Thursday, November 12, 2009

Welcome to 2009 Week 10 of The Hoser's NFL Picks, where we’re sure you’ll all be thankful we’ll be brief (trade show this week – I’ll be the guy in the “Norman Chad rocks!” t-shirt).

The Hoser has a very big cookie bouquet on the way to Detroit quarterback Matthew Stafford, whose pick six led to Seattle covering at the very end of the game. That gave both our Lock of the Week and the Trifecta. We were 8-5 against the spread and 9-4 straight up.

That’s a three-week run of 25-13-1 against the spread and two of three Locks and Trifectas. We’d get a swelled head, but we already wear a size 7 ¾ baseball cap, so it’s a little late for that.

Remember – these picks are just for fun. Using them to wager money is advisable as getting your news from FOX.

Chicago (+3) at SAN FRANCISCO [43.5]: 49ers tight end Vernon Davis had some unflattering things to say this week about the Bears’ defense, but they couldn’t have been any uglier than what we suspect is being said around Chicago itself. 49ers 23, Bears 17.

Jacksonville (+7) at NY JETS [40.5]: Jets quarterback Mark Sanchez – from GQ to PU in two months. Jets 23, Jaguars 17.

Denver (-3.5) at WASHINGTON [37]: Boy, Sherman Lewis fixed everything, huh? Broncos 24, Racists 16.

Cincinnati (+7) at PITTSBURGH [41.5]: Bengals wide receiver Chad Ochocinco has been told not to send mustard to the Steelers, but we guarantee they’ll relish shutting his ass down. Steelers 27, Bengals 17.

Buffalo (+6.5) at TENNESSEE [41]: You know, if the Titans win out … (slaps self). Titans 31, Bills 13.

Detroit (+16.5) at MINNESOTA [47]: This will be a terrible game, but the good news? There’ll be plenty of time to run to the kitchen for lutefisk! Vikings 34, Lions 16.

New Orleans (-13.5) at ST LOUIS [50]: The Rams have a total of eight touchdowns this season.
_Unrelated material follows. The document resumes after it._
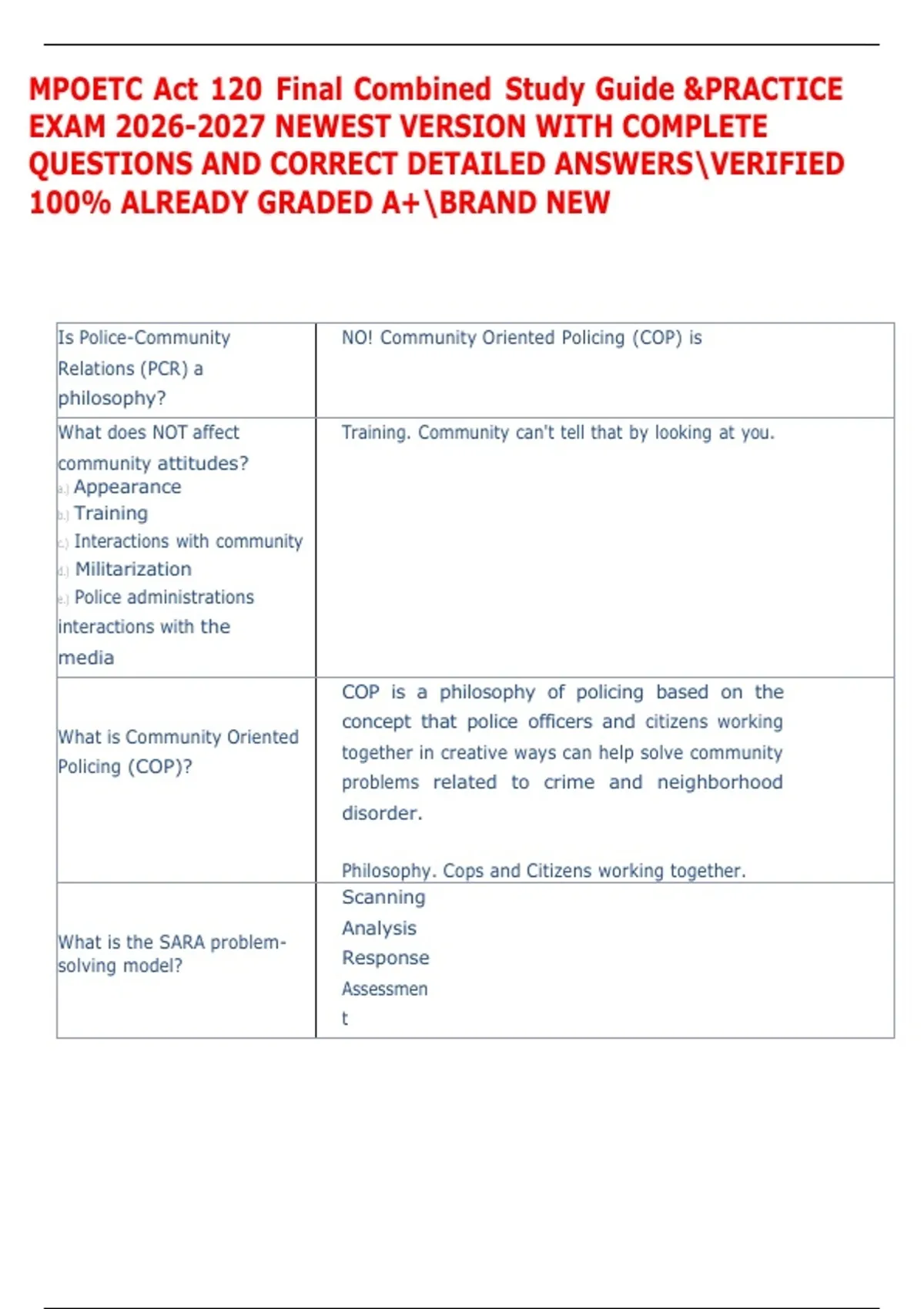 Policing (COP) Police- involves citizens and has dept wide involvement.

That’s awful, but it’s eight more than The Hoser scored in his 13-year football career. Saints 40, Rams 17.

Atlanta (-1.5) at CAROLINA [43.5]: Nothing could be finer than to visit Carolina and get back to your winning ways. Falcons 26, Panthers 17.
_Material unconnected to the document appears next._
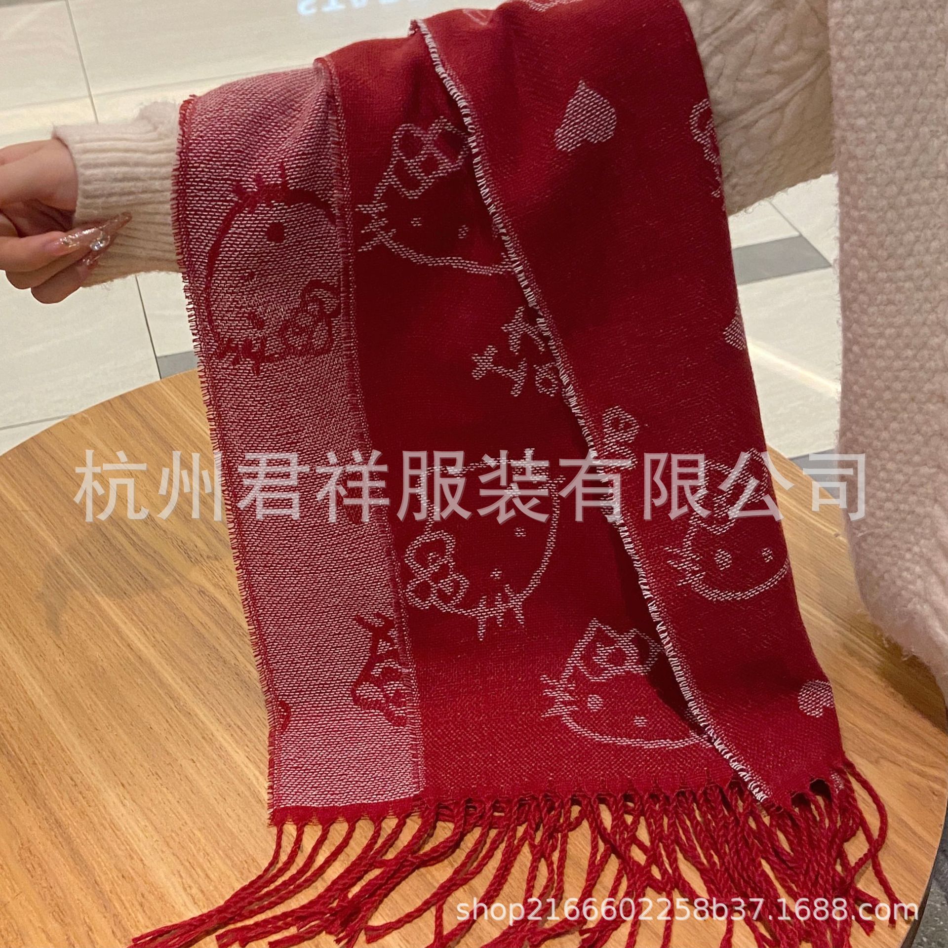 2024 새로운 겨울 일본 jk 스타일 귀여운 고양이 검은 회색 양면 스카프 슈퍼 다용도 단순스토어 가기

Tampa Bay (+10) at MIAMI [44]: Project Runway would have a fit, but we say ride those Creamsicle unis until the winning streak ends – which it will here anyway. Dolphins 24, Buccaneers 17.

Kansas City (+2) at OAKLAND [36.5]: Both of these teams would benefit from losing this game, and neither organization is probably smart enough to drop it on purpose. Raiders 20, Chiefs 16.
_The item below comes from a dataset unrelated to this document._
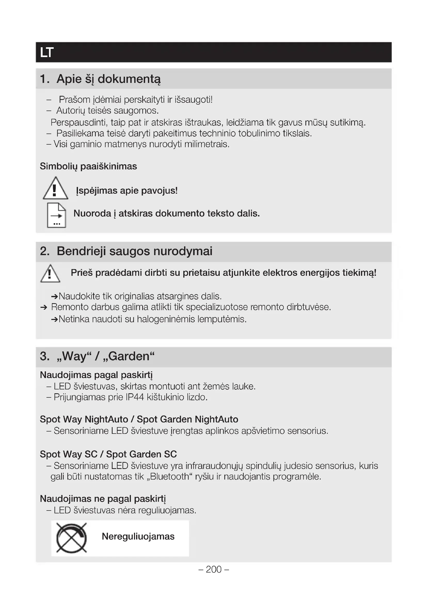 Naudojimas pagal paskirtį – LED šviestuvas, skirtas montuoti ant žemės lauke. – Prijungiamas prie IP44 kištukinio lizdo. Spot Way NightAuto/Spot Garden NightAuto – Sensoriniame LED šviestuve įrengtas aplinkos apšvietimo sensorius. Spot Way SC/Spot Garden SC – Sensoriniame LED šviestuve yra infraraudonųjų spindulių judesio sensorius, kuris gali būti nustatomas tik „Bluetooth“ ryšiu ir naudojantis programėle. Naudojimas ne pagal paskirtį – LED šviestuvas nėra reguliuojamas. Nereguliuojamas– 201 – „Spot Way“ tiekiamas komplektas (3.1 Pav.) – Šviestuvas su kolona, grindų plokštele ir jungiamuoju kabeliu su kištuku. – 3 Varžtai – 3 Mūrvinės „Spot Garden“ tiekiamas komplektas (3.2 Pav.) – Šviestuvas su jungiamuoju kabeliu su kištuku. – Smaigas – Du varžtai „Spot Way“ gaminio matmenys (3.3 Pav.) „Spot Garden“ gaminio matmenys (3.4 Pav.) Gaminio apžvalga (3.5 3.10 Pav.) A Šviestuvo korpusas B Judesio sensorius (tik „Spot Way/Garden SC“) C Aplinkos apšvietimo sensorius (tik „Spot Way/Garden NightAuto“) D Prieblandos lygio nustatymas (tik „Spot Way/Garden NightAuto“) E Kolona su grindų plokštele (tik „Spot Way“) F Smaigas (tik „Spot Garden“) G Jungiamasis kabelis su kištuku „Spot Way/Garden SC“ jautrumo zona (3.11 3.16 Pav.) Šviesos intensyvumo pasiskirstymas (3.17 Pav.)

Seattle (+8.5) at ARIZONA [47]: (Our) reports of the demise of Kurt Warner were apparently greatly exaggerated. Nice to see Matt Leinart get a chance to prove he’s the heir apparent, though, wasn’t it? Cardinals 27, Seahawks 20.

Philadelphia (+1) at SAN DIEGO [47]: The Chargers are back. We can tell the swagger’s returned because Shawne Merriman has his Kijiji ad – “WANTED: TALENTLESS BIMBOS” – up again. Chargers 24, Eagles 21.

Dallas (-2.5) at GREEN BAY [47.5]: Did the Pope visit the Packers in the offseason, because man, is that offensive line holy! Cowboys 26, Packers 23.

New England (+3) at INDIANAPOLIS [49.5]: Tougher to call than a friend at a Motorhead concert, but we like the Colts to stay undefeated. Colts 24, Patriots 23.

Baltimore (-10.5) at CLEVELAND [40]: MNF couldn’t switch out of this one? Ravens 20, Browns 13.

Lock of the Week: San Diego

Trifecta: San Diego, Oakland, Tennessee

2009 Week Nine Hoser Picks:
Straight Up: 9-4
Against The Spread: 8-5
Lock of the Week: 1-0
Trifecta: 1-0
Money: $1,350

2009 Season Hoser Picks
Straight Up: 91-36
Against The Spread: 72-56-1
Lock of the Week: 4-5
Trifecta: 3-6
Money: $1,490

2009 Week Nine Money Spent: $25
2009 Week Nine Money Made: $50
2009 Season Money Spent: $185
2009 Season Money Made: $200
2009 Total: $15


The Hoser’s format: The format will stay as it has been for the past two seasons – each game is $100 ATS, with a $100 Trifecta and a $300 Lock of the Week for an even $2K per week. When the bye weeks begin, we’ll jump the Lock to $500 to keep the number even. We’ll use Danny Sheridan’s line in the USA Today each week.